[PATCH] HTTP: add support for trailers in HTTP responses

Piotr Sikora piotrsikora at google.com
Thu Sep 1 01:31:30 UTC 2016

Hey Maxim,

> Could you please describe one of the uses cases in details?
> That's what I'm asking all the time, and still didn't get even a
> single description of a real-world use case.

You were definitely given some real-world use cases in this thread already:


But fine, I can repeat a few of those:

1. Checksums: web server or proxy sends "Content-SHA256:
$response_body_sha256" back to the client. Since it doesn't know the
checksum ahead of time (either because it's a streaming proxy or
because it's not feasible to read the whole file twice), it must sent
it in the trailers. Thanks to the Fetch API, JavaScript clients in the
browser can verify that the checksum matches what was received.

2. Logging: in distributed systems, it's not always feasible or even
possible to write logs at each server that was involved in generating
response, so backend servers can pass information to log (processing
time, profiling data, etc.) in the trailers, so that everything can be
aggregated and/or logged in one place, usually by the front-end proxy.

3. Trailing status (Microservices): servers send "Status: OK" in the
trailers after successfully completing request. This is needed,
because a lot of things can go wrong between sending "200 OK" status
code in the headers and completing response.

Is that enough?

> The same applies to HTTP/1.1.  Yet trailers are (mostly?) unused
> for many years.  Moreover, it is clearly understood now that
> merging trailer headers to headers as supposed by HTTP/1.1 is a
> security disaster.

As stated previously, I have no intention of merging them together.

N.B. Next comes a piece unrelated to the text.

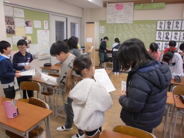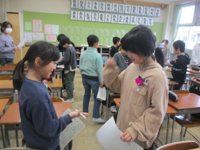 書初め大会後に、各クラスで学級活動「冬休みビンゴ」を行いました。冬休み中の友達の様子を知ることができ、久しぶりに顔を合わせてうれしそうに過ごす様子が見られました。仲間を大切にしながら、3学期も過ごしてほしいと思います。

> Merging trailers with headers can happen somewhere else as long as
> you pass trailers through.  And it will be perfectly in line with
> HTTP/1.1 specs.

Yes, but then it's not NGINX's problem, is it?

> The only potentially bad thing that can happen without forcing
> chunked transfer encoding is that trailers configured won't be
> sent if Content-Length is know.  If this is critical for a use
> case, the Content-Length can be explicitly removed with additional
> configuration.

If you already configured NGINX to send and/or pass trailers, then why
would you also need to configure NGINX to send and/or pass trailer
even if Content-Length is present? This doesn't make any sense.

Furthermore, even with such simple configuration:

    location / {
        add_trailer "Content-SHA256" "$request_body_sha256";
        root /var/www;
        gzip on;

clients that support gzip would receive Content-SHA256 trailer, while
those that didn't request gzip would not. Again, this doesn't make any

> Additionally, this is not something expected to happen when
> proxying, as Content-Length won't be known anyway if there are
> trailers in the upstream response.

That's only assuming HTTP/1.1. There might be other upstream protocols
that produce trailers or trailer-like metadata.

> On the other hand, forcing chunked transfer encoding based on "TE:
> trailers" looks all the way wrong:
> - it will change the behaviour of nginx for such clients, even if
>   there are no other reasons to do so;

Like I previously said, I'm happy to add r->expect_trailers, so that
modules that want to emit trailers could signal that, in which case
chunked encoding would be forced only when trailers are expected to

> - it won't change the behaviour for other HTTP/1.1 clients who
>   actually support trailers but doesn't advertize it via "TE:
>   trailers", and thus trailers will be lost in some cases anyway.

Again, I'm fine dropping this requirement...

> Gzip is something you explicitly enable in the configuration to
> change the content of some responses.  It changes the content, and
> this in turn results in chunked transfer encoding when using
> HTTP/1.1.

You need to explicitly add and/or enable passing of trailers as well.

> In contrast, trailers is something exists only in case of chunked
> transfer encoding.  Depending on the use case, it may make sense
> to either:
> 1. once trailers are configured, force chunked encoding and sent
>    trailers (if it is possible to do so); or

Isn't that what I'm proposing?

> 2. once trailers are configured, sent them as long as chunked
>    encoding is used.
> Obviously enough, second approach is more flexible.  And, as long
> as there is a way to force chunked encoding by other means, allows
> to do exactly the same thing as the first one, plus some additional
> things.

I honestly don't see what value would this add, other than confusing
people as to why trailers sometimes work and sometimes don't.